§ Directions: The lines below from the one with "Imagen 7. Perfil" up to and including the one with "Κώστας Τσόκλης, χωρίς" are what you should set down, exactly and without pictures.

§ Supplied records:
"""
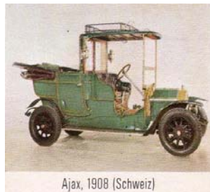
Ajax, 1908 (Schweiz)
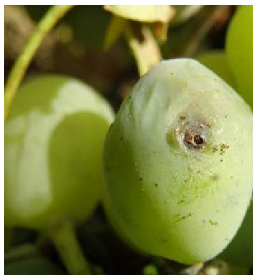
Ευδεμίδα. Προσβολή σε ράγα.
"""
"""
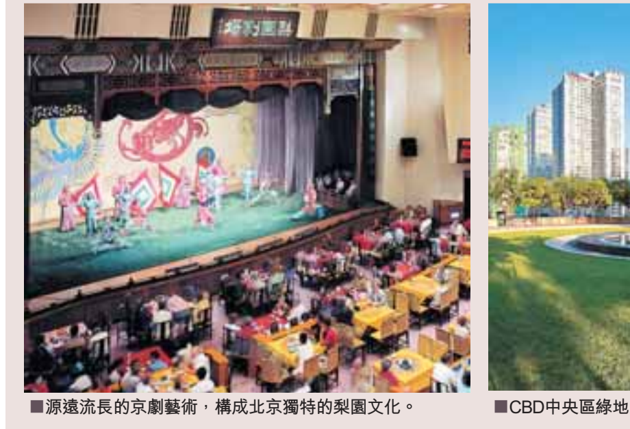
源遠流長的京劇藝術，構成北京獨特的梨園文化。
"""
"""
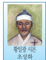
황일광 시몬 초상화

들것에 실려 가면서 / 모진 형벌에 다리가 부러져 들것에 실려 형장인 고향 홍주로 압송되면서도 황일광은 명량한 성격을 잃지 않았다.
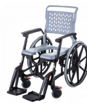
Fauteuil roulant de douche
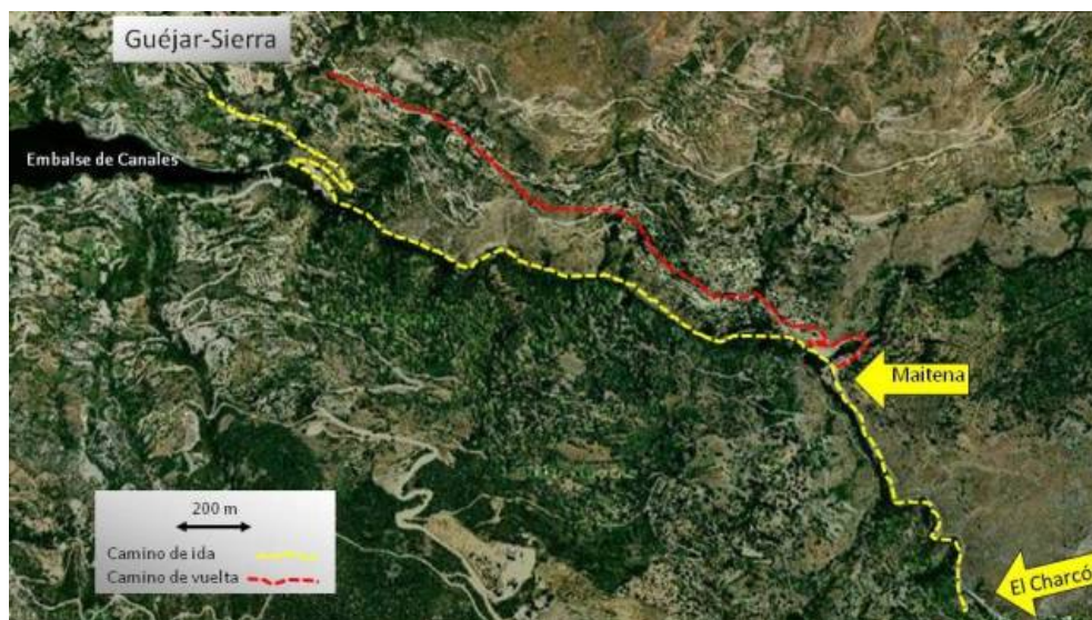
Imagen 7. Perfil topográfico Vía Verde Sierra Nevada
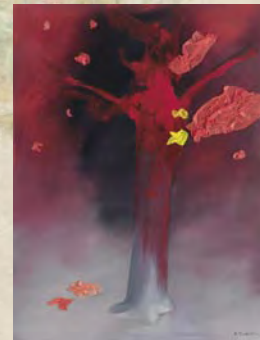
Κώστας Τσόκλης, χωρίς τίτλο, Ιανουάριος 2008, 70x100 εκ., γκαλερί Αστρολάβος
"""
§ Solution to this problem:
Imagen 7. Perfil topográfico Vía Verde Sierra Nevada
Κώστας Τσόκλης, χωρίς τίτλο, Ιανουάριος 2008, 70x100 εκ., γκαλερί Αστρολάβος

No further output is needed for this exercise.